China now finds the Burmese regime, like North Korea, a liability, but has good reason to be concerned about change brought about by popular uprising, and about its neighbor becoming chaotic. It will only promote gradual change, perhaps prevailing on the military to make the promised new constitution a genuine step forward rather than new fig leaf for the junta.

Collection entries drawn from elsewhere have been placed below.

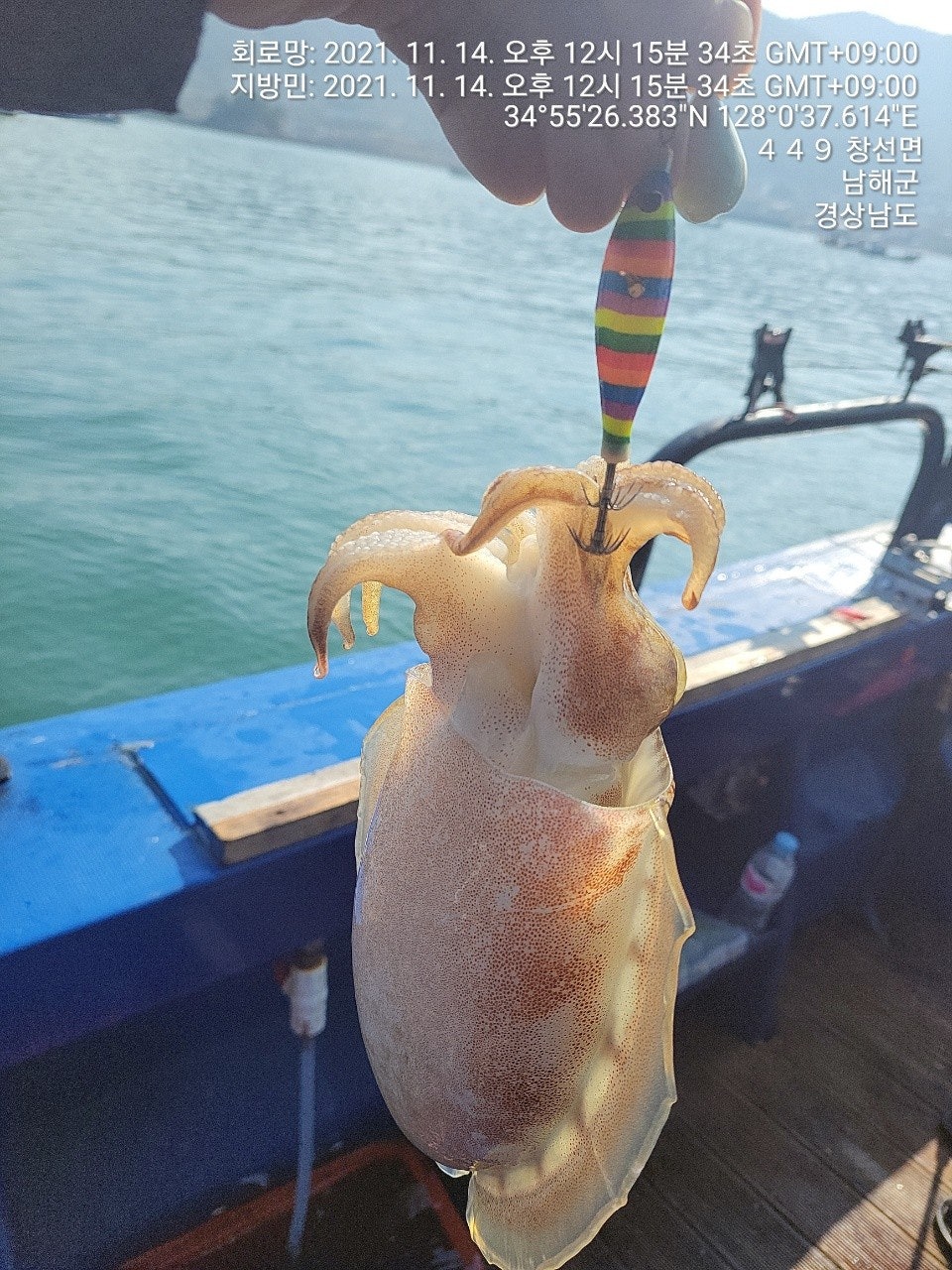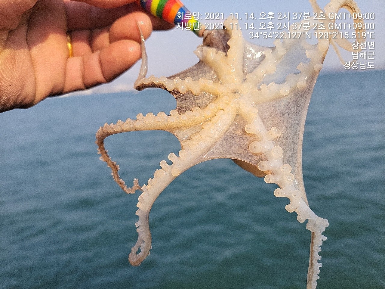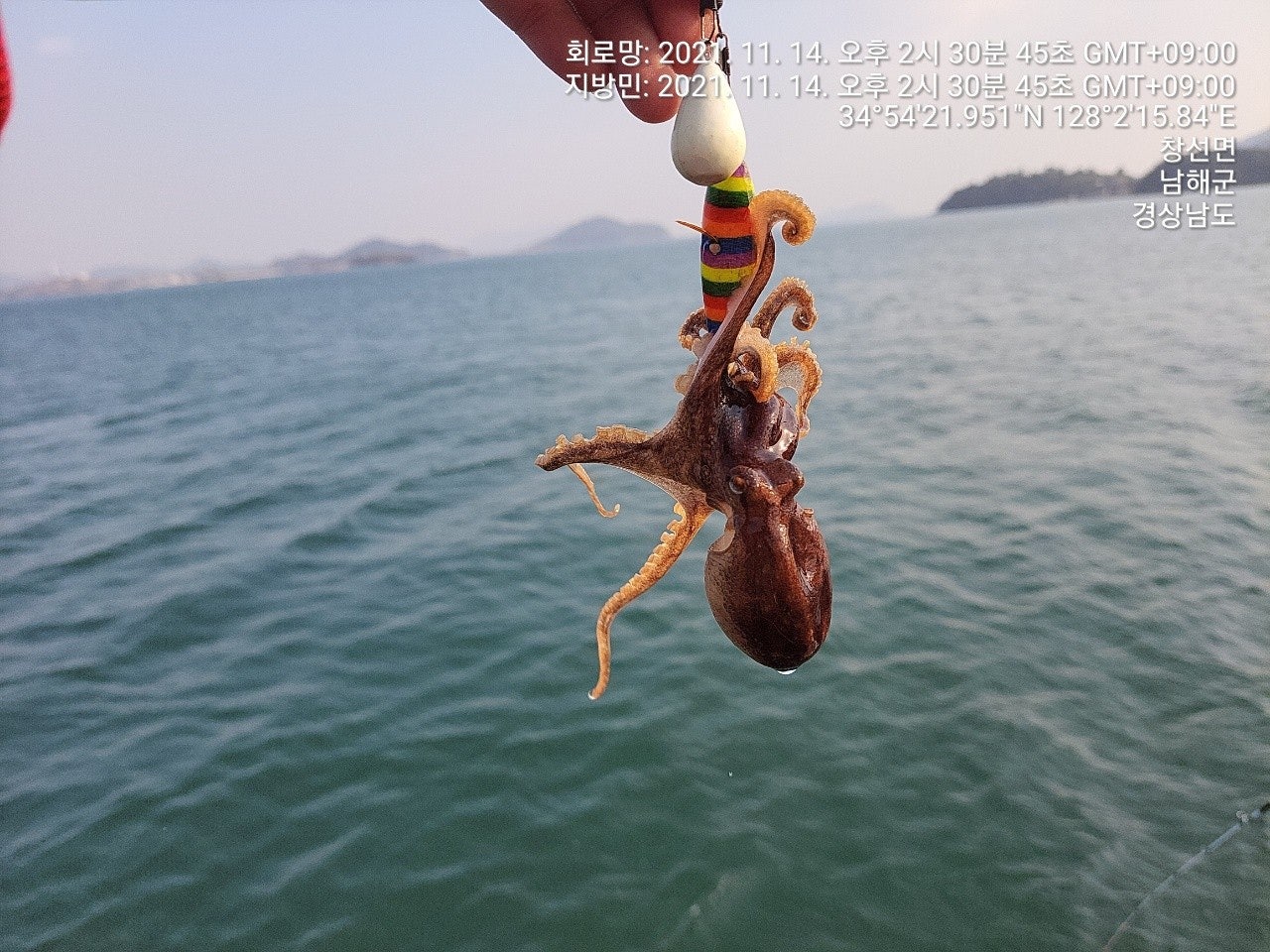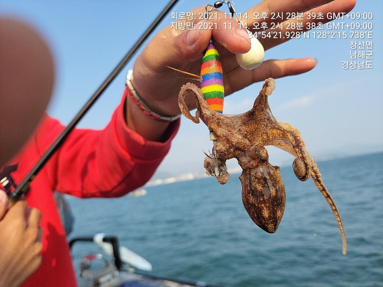 징어만 입질이 들어 오는 장면과 덤으로 씨알 굵은 돌문어까지 나왔었던 재
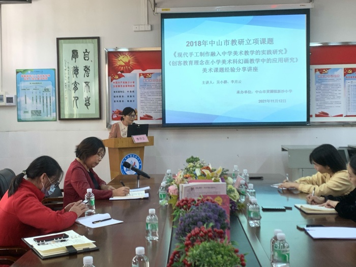 為進(jìn)一步提升美術(shù)教師科研水平和教學(xué)能力,加強(qiáng)科研和教學(xué)經(jīng)驗(yàn)交流、促進(jìn)教育教學(xué)水平的提高,總結(jié)推廣新沙小學(xué)2018中山市教育科研立項(xiàng)課題《創(chuàng)客教育理念在小學(xué)美術(shù)科幻畫中的應(yīng)用研究》研究經(jīng)驗(yàn)與成果,引領(lǐng)課題研究活動(dòng)科學(xué)、規(guī)范開展。2021年11月12日下午,黃圃鎮(zhèn)美術(shù)教研活動(dòng)“美術(shù)課題經(jīng)驗(yàn)分享講座”在新沙小學(xué)舉行,課題主持人李月云老師作為主講人。黃圃鎮(zhèn)教育和體育事務(wù)中心藝術(shù)專干杜晗婷老師以及黃圃鎮(zhèn)中小學(xué)美術(shù)教師參加本次活動(dòng)。
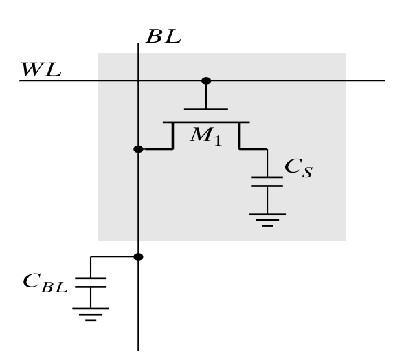 Data in DRAM is stored in capacitors. The internal structure of a typical 1T DRAM Cell is as follows:
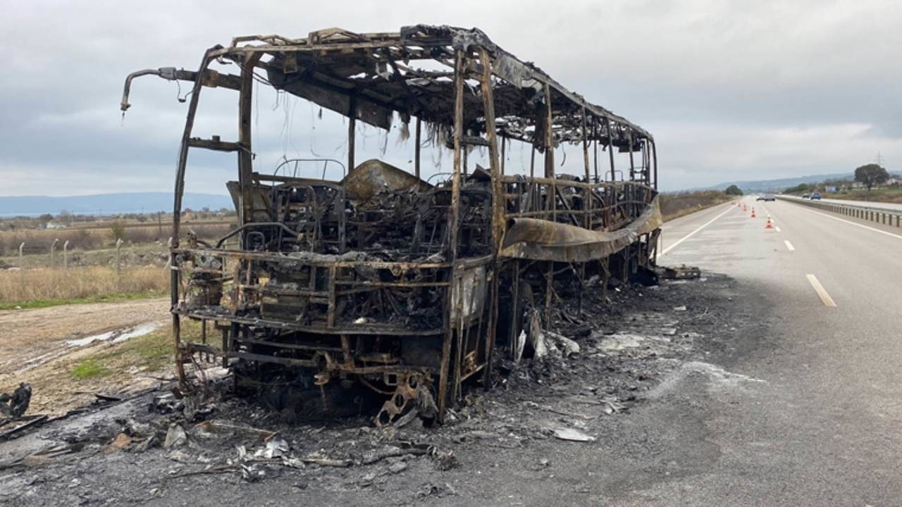 Yangın sonrası yolcu otobüsü kullanılmaz hale geldi.
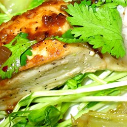 Grilled halibut is served with a delicious sauce featuring black beans, shallots and rice wine.
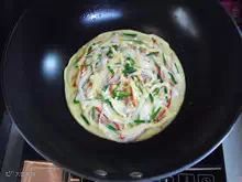 3:在蛋糊下锅40秒左右的时候,底部已经凝固了,此时便可以开始铺馅料,建议把火关了,以免动作不熟练,还没铺好,蛋饼已完全熟了。
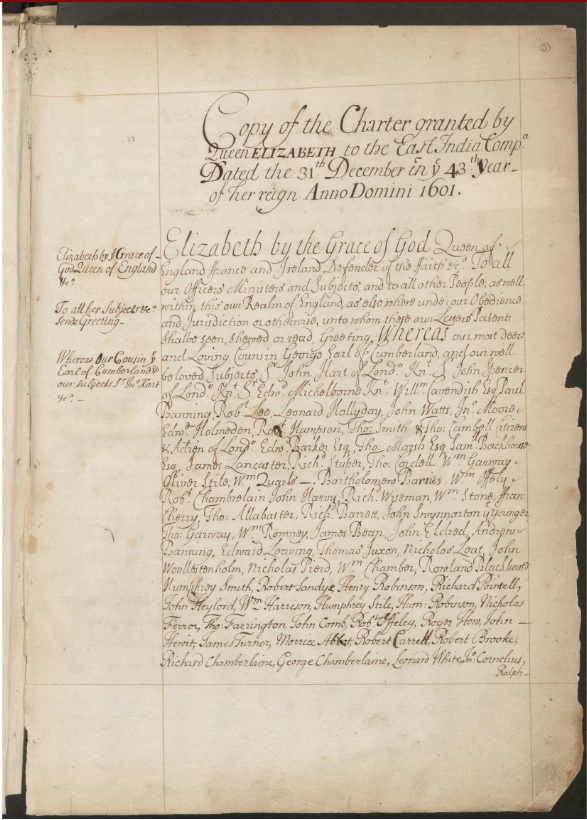 Three years after the first letter, the queen granted charter to a new company.

Thailand, not China, is Myanmar's largest export market, main buyer of its gas and conduit for much illicit trade. As with India, national economic interests, including those of the Thai military, are in practice more influential than verbal support for democracy. While many in Thailand believe that an open, thriving Myanmar would be in their economic interest, there are also plenty of Thais who are content to see their historical enemy in such a pitiful condition. There is also the potential Pandora's box of Myanmar's many minorities to bring new troubles to the region.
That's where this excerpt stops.